▸ Exercise prompt:
Repeat all of the data below word for word, keeping no images.

▸ Given information:
- Opening Delimiter -

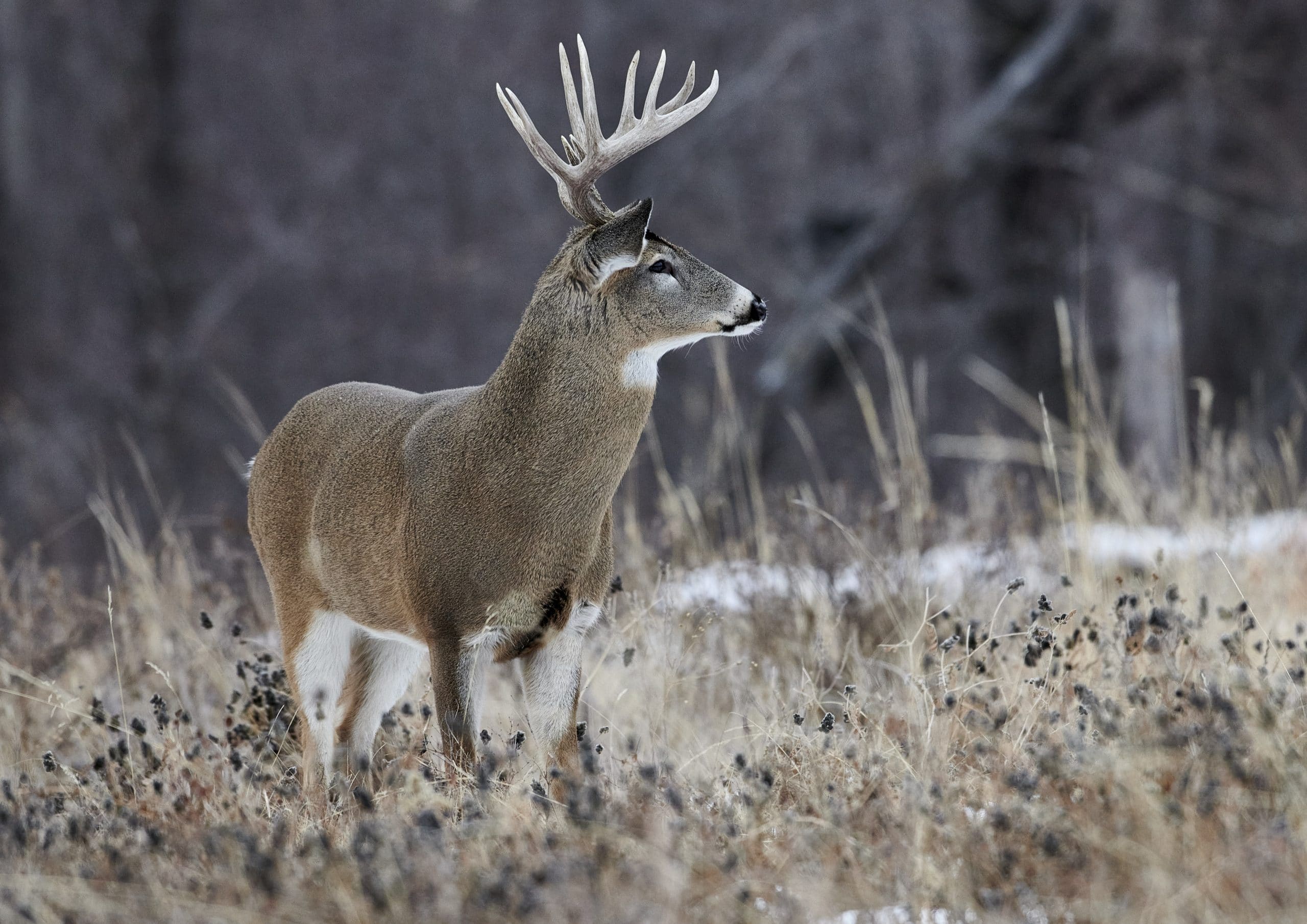 Nervous. Always on the lookout. On frozen ground, it prefers tight thickets. A suspicious noise and it flees.
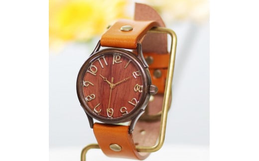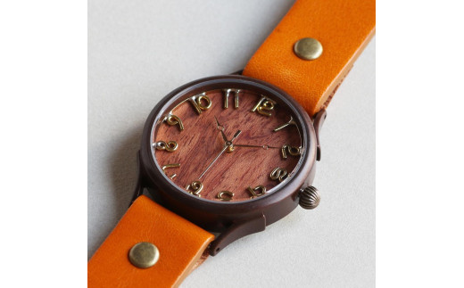 ナチュラルウッド【ブビンカ】文字盤が美しいハンドメイドウォッチ LサイズW2 ベルトカラー:蜜柑 WB045L W2-蜜柑
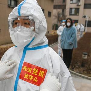 在长春市参与疫情防控的工作人员帮助同伴在防护服上粘贴“我是党员我带头”的标识(4月4日摄)。

- Closing Delimiter -

▸ Task result:
 Nervous. Always on the lookout. On frozen ground, it prefers tight thickets. A suspicious noise and it flees.
 ナチュラルウッド【ブビンカ】文字盤が美しいハンドメイドウォッチ LサイズW2 ベルトカラー:蜜柑 WB045L W2-蜜柑
 在长春市参与疫情防控的工作人员帮助同伴在防护服上粘贴“我是党员我带头”的标识(4月4日摄)。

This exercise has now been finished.